Having found the line containing "Bride and groom" in the records below, copy that line and each later one exactly, dropping pictures.

(Records from a collection)
+ + +

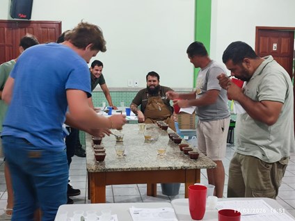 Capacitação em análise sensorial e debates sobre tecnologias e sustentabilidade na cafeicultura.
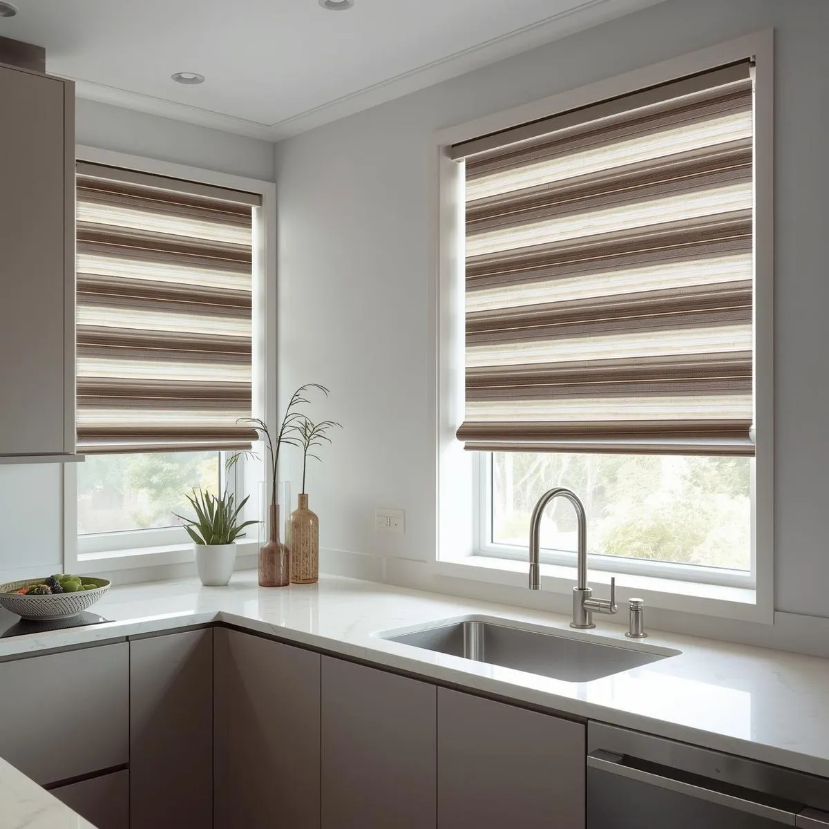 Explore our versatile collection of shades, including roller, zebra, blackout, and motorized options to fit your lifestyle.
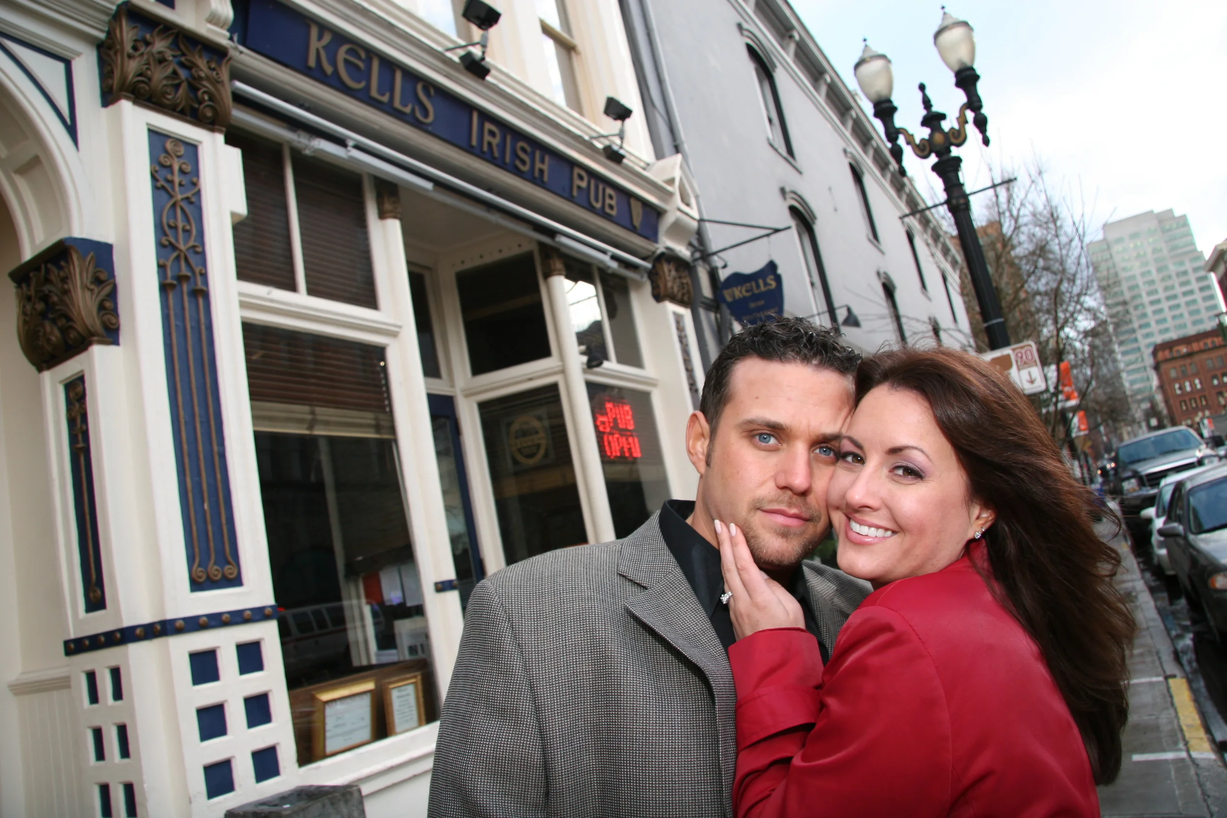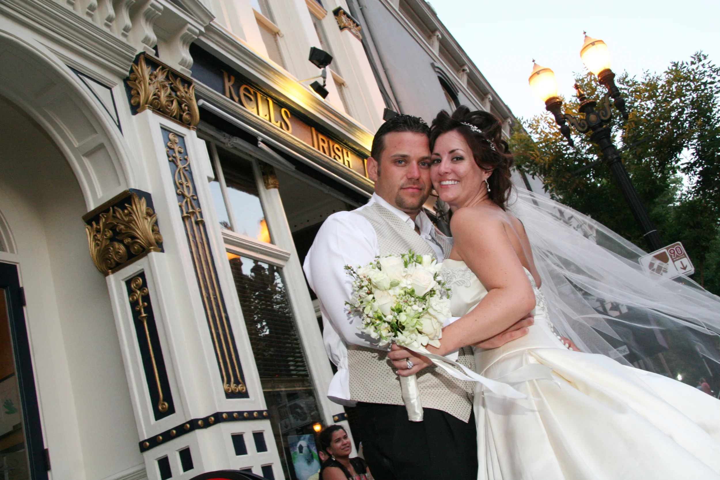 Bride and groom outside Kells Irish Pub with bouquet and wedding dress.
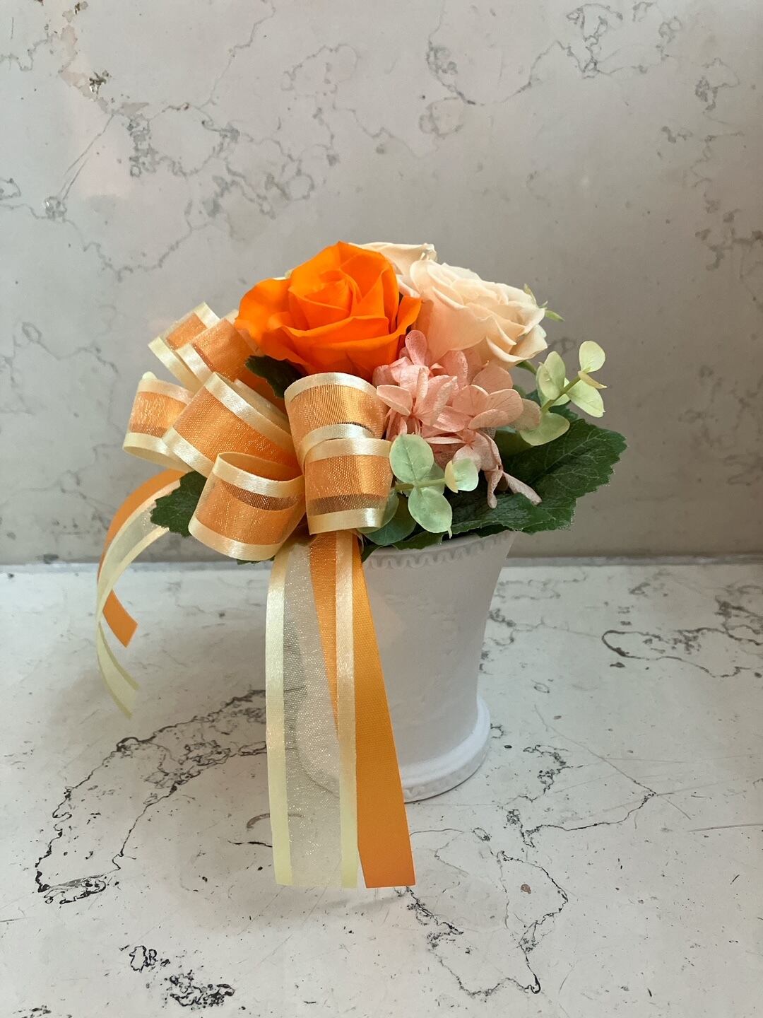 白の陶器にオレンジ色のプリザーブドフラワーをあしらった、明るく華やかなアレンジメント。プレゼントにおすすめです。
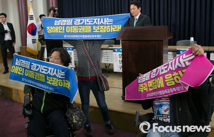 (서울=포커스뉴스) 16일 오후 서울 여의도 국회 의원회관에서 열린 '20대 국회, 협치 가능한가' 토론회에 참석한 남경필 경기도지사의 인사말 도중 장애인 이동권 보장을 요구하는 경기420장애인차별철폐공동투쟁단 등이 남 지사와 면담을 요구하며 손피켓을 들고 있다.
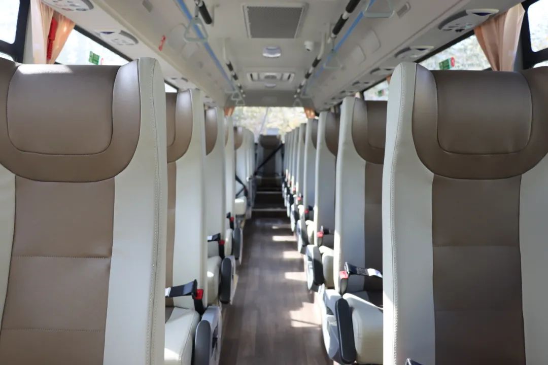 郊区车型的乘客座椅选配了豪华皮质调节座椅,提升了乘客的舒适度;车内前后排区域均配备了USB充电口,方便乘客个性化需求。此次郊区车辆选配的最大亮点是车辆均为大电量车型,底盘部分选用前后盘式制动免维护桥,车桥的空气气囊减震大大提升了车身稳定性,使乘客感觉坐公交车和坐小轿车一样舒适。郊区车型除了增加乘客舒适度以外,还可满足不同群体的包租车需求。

+ + +

# Solution to this exercise
 Bride and groom outside Kells Irish Pub with bouquet and wedding dress.
 白の陶器にオレンジ色のプリザーブドフラワーをあしらった、明るく華やかなアレンジメント。プレゼントにおすすめです。
 (서울=포커스뉴스) 16일 오후 서울 여의도 국회 의원회관에서 열린 '20대 국회, 협치 가능한가' 토론회에 참석한 남경필 경기도지사의 인사말 도중 장애인 이동권 보장을 요구하는 경기420장애인차별철폐공동투쟁단 등이 남 지사와 면담을 요구하며 손피켓을 들고 있다.
 郊区车型的乘客座椅选配了豪华皮质调节座椅,提升了乘客的舒适度;车内前后排区域均配备了USB充电口,方便乘客个性化需求。此次郊区车辆选配的最大亮点是车辆均为大电量车型,底盘部分选用前后盘式制动免维护桥,车桥的空气气囊减震大大提升了车身稳定性,使乘客感觉坐公交车和坐小轿车一样舒适。郊区车型除了增加乘客舒适度以外,还可满足不同群体的包租车需求。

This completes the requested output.